Many think of having a pet as a way to deepen their bond as a couple. Adopting a pet teaches invaluable skills. Through shared responsibilities, couples hone their communication, teamwork, and ability to compromise. The decision to adopt a pet is often seen as practice for marriage and, eventually, children. A study by the University at Buffalo found that pet-owning couples were closer and could handle stress better than their non-pet counterparts. But how do you know when you’re really ready to take that step?

It’s quite embarrassing, but I go crazy for every little stuffed animal I see on the street and spend my free time scouring the internet for cute animal videos. My cousin ( cat owner) got used to stopping me from blocking traffic every time a cute dog comes down the street.

There are so many positive reasons to have a pet, one can be blind to some of the challenges. Before contacting breeders or adoption agencies, it’s important to think about how this new addition might affect your relationship and change your life. Having a cat or a dog means extra responsibility and pressure on both of you, which can lead to growing pains. Sure, caring for a pet brings more love and joy to your life, but it’s important to make sure you’re both on the same page before you dive in.

A few things to consider when deciding to get a pet:

1- Less free time

Remember all those glorious weekend mornings you’ve spent the last ten years sleeping and cuddling? You can say “bye-bye” to all of this if you decide to get a puppy. Dogs need to be walked every morning no matter what, so be prepared to wake up early every day. Like the postman, “neither the snow, nor the rain, nor the heat, nor the darkness of the night” will prevent you from walking your pup. Puppies and kittens require a lot of attention and supervision early on, so if you have a super active social life or a really hectic work schedule, sacrifices will have to be made. Be prepared to give up a few nights in exchange for some quality time with your partner and your new addition.

2- You become more active

Walking a dog can be tough, but this little activity can improve your health in spades! Studies show that new dog owners will significantly increase their recreational walking during the first ten-month period. We already know that exercise is good for reducing stress, heart health, and mood, but it can also help you bond. Going for a hike or jog with your pup and partner is active and fun. Doing healthy activities together helps the relationship and will improve your overall quality of life. Playing with your kitty or puppy is good for the heart and soul.

3- More responsibility

Still, arguing over whose turn it is to do the dishes? You and your partner are going to need excellent communication in order to negotiate the additional duties of owning pets. If a person slacks on duty or forgets to walk the dog, it can cause strain in the relationship. Caring for a pet as a team will show you exactly what responsibility your partner can handle. No one wants to feel resentful because they do all the heavy lifting in a relationship. A task board or calendar is a great way to stay organized. Just be sure to stick to it to navigate smoothly.

4- Less money

Having a pet can be expensive, so you and your spouse need to be sure you can afford the right care before bringing one home. The cost of a dog or cat goes far beyond their adoption or breeding costs. Your four-legged friend will need his injections or sterilization, in addition to all other expenses. There may also be hidden costs – emergency vet bills and or vitamin needs. Not to mention dog walker, grooming, or kennel fees if you want to travel. The best way to know if you’re ready for a pet is to sit down and write down some numbers. To break down costs.

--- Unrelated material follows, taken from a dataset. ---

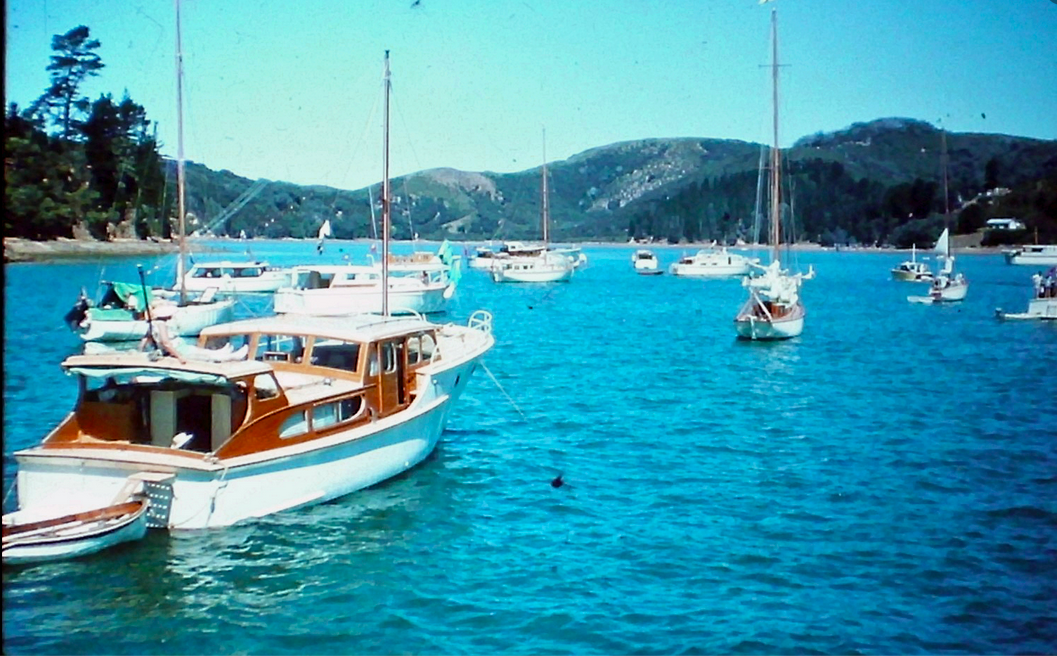 At Sundays Stillwater woodys picnic I was chatting to boat builder Greg Lees and he showed me the above photograph (in its frame) of Mansion House Bay, Kawau Island that a neighbour had given him. Interesting that for once the bay is almost bare of yachts – maybe they were off racing at the time.

5- You will have a healthier life

We know that pets provide support and companionship, and these factors can contribute to a longer lifespan. Many studies report that couples who own pets have lower baseline blood pressure and heart rate overall than couples without pets. In a study of 240 couples, pet owners showed “significantly smaller increases in heart rate and blood pressure in response to stress,” writes the American Heart Association. They also experienced faster recovery from stressors in general, but especially when their pet was around. Another study found that owning a dog helps reduce mortality in people with cardiovascular disease, “with a 4.05 times higher probability of mortality for those who do not own a dog.” Just make sure neither of you is allergic before committing to a fur-covered apartment!

6- You will face the little jealousies

An adorable pup is hard to compete with, but he can feel that way sometimes. Bringing a pet into the relationship can take a toll on your love life. To thwart any future problems, make sure your pet doesn’t get more attention than either of you.
It is important not to compete with your spouse for the animal’s attention. Your plushie will surely identify who is the soft touch in the relationship, and they may bond with or become protective of one partner over the other. You need to work power dynamics with the animal, so neither you nor your lover feels left out of love.

7- You will become a family

Adopting an animal will test your ability to work together and ultimately overcome challenges and share love, deepen your commitment to one another. You will learn together along the way and share many important experiences. The ups and downs of raising a living being will strengthen your bond and teach you to act as a unit.

8- You will cherish your alone time

Your adorable fluff ball may decide the perfect time to muzzle you is when things start to get frisky. Make sure you and your partner know when to lock the bedroom door and spend quality time just the two of you. Be sure to take the time to let your lover know that you love them (at least as much as the animal).